Four cases are presented in the comments for further study and to get the discussion going. The holdings and legal reasoning are provided and each case is linked to the decision in Google Scholar. Geeks like me can use the "How cited" feature to find recent cases that have cited them.
Please feel free to comment in reply to each opening comment, or to start new threads. Since this is a study hall diary, feel free to post naive questions or tear into these court decisions, explaining why you believe what you do. Teach the rest of us what you know and why you know it.
Connecticut State Supreme Court
Source: RIGHT TO BEAR ARMS UNDER THE CONNECTICUT CONSTITUTION Report No. 2013-R-0195, dated March 20, 2013. Additional cases may be found therein.
This diary introduces important concepts in constitutional firearms law.
- An explicit right to armed self defense has been in force in the state of Connecticut since 1818.
- It is an individual right and is very similar to the core right defined in the Heller decision.
- For the last 20 years, state courts have upheld most of Connecticut's gun laws as constitutional restrictions on the individual RKBA.
- The new laws passed in 2013 have not yet been vetted in state court.
Since the Connecticut state legislature has a long history of vetting their gun laws with their state constitution and state court decisions in mind, I think the recent laws very well might survive their eventual review by the US Supreme Court.

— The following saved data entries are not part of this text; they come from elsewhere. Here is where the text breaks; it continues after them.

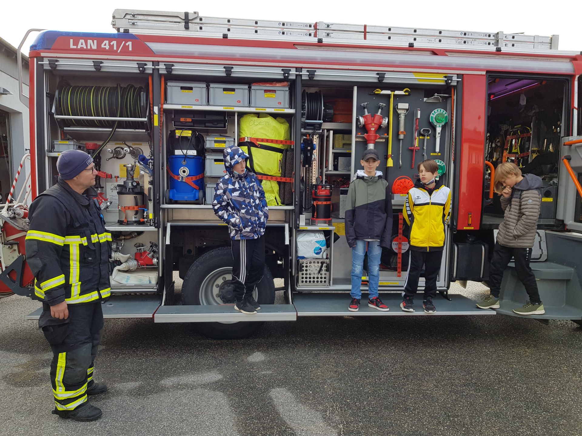 Robert Brandhofer und Bernt Gradwohl führten die Klasse 7b durch die Maschinenhallen und erklärten die Fahrzeuge. Viel Interessantes gab es dabei für die Jugendlichen zu erfahren: dass ein Schutzanzug um die 1500 Euro kostet, wussten die Schülerinnen und Schüler bisher nicht. Auch die Rettungsschere, die z. B. bei schweren Unfällen zum Einsatz kommt, durften die Kinder „bedienen“.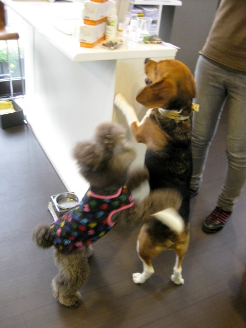 この日は、シャンプーセット&一時預かりだったので、シャンプーの前に、ダイアさんの子守りをお願いいたしました(^_-)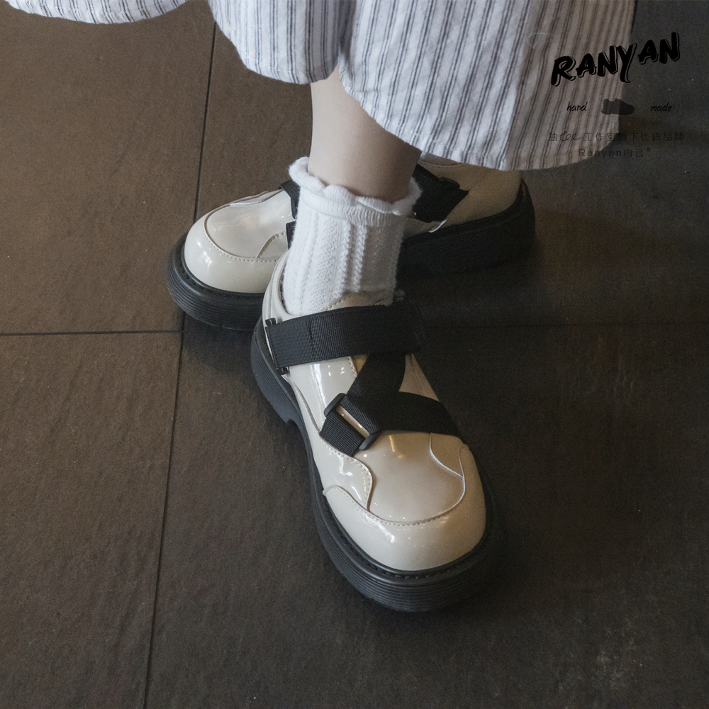 Ranyan冉言【不撞款】日系交叉漆皮圆头小皮鞋女原创设计厚底单鞋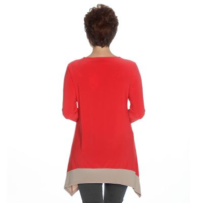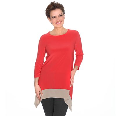 NINA LEONARD Shirt, 3/4-Arm Rundhalsausschnitt Kontrastblende Zipfelsaum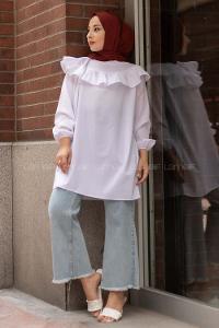 Modalamelif Önü Fırfır Detaylı Kol Lastikli Tunik Beyaz

This diary is intended as an introduction/foundation diary for the state constitutional right and the legal reasoning applied to evaluate constitutional claims in Connecticut state courts. The new laws passed in 2013 are complex and have not yet been vetted in Connecticut state court. I intend to write separately about those laws and the recent Federal Court decision rejecting constitutional challenges (Shrew v Malloy).